I'm trying to do load testing against an ASP.NET web site and I need to be able to parametertise field value of a page to test different code paths.

I had great success with JMeter when load testing a JSP web site before. However, because ASP.NET encodes all form values in the ViewState, changing control values does not really work.

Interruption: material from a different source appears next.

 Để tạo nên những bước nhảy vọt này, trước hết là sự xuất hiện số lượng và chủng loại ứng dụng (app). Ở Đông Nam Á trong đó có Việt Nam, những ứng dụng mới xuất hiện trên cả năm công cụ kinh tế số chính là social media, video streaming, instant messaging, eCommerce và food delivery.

I Googled this problem and people said the web testing tool in Visual Studio Team Tester Edition works well with ASP.NET pages. However, it cost quite a bit so I am just wondering does anyone know how to get around the ViewState issue with JMeter or WAPT?

A: 

I've used WebLoad before. Its scripting language is basically JS, so you may be able to find controls on the page using JS and invoke them as part of your load script.

WebLoad is free.

Assaf Lavie
A: 

As webapps get more complex (ViewState, AJAX, etc) it is tougher and tougher to use traditional load testing tools. That's because they try to jam a ton of virtual users on a very small amount of hardware resources.

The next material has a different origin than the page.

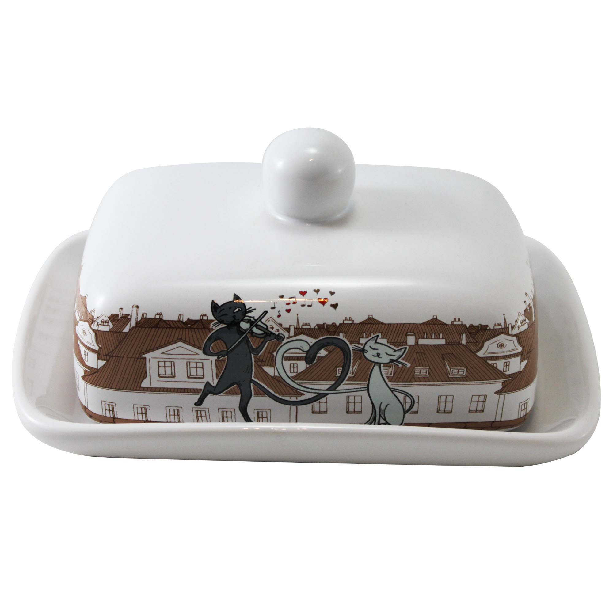 Máslenka s veselým motivem z kolekce Kočky ve měste. V našem eshopu nabízíme další porcelán a textil s tímto motivem, například stojan na ubrousky, konvičky, hrníčky, misky a mnoho dalšího. Vše můžete hravě kombinovat. Dodáváme v barevné kartonové krabičce.

My company, BrowserMob, took a different approach. We build a load testing service that uses real web browsers to drive load. Your scripts end up being essentially functional tests (specifically Selenium scripts). My background has been in Selenium for some time (I created Selenium RC and founded OpenQA.org), so as soon as cloud computing made it possible to rent the 5TB+ of RAM necessary to do this, I jumped on the idea :)

Patrick Lightbody
Oh ya I used selenium before and it worked like black magic but we got scalability problems when trying to simulate 500 concurrent users.
oykuo
Yes, running hundreds of browsers requires LOTS of hardware. That's why I created BrowserMob. It's like functional testing + load testing all in one. The scripting is super easy, and it's just as easy to schedule a load test that uses 1000+ servers.
Patrick Lightbody
+1  A: 

I've figured out how to do this, basically you cannot simply record a static script with JMeter. What you need to do is to record a request, send it, capture the viewstate in the response and send the viewstate back in next request.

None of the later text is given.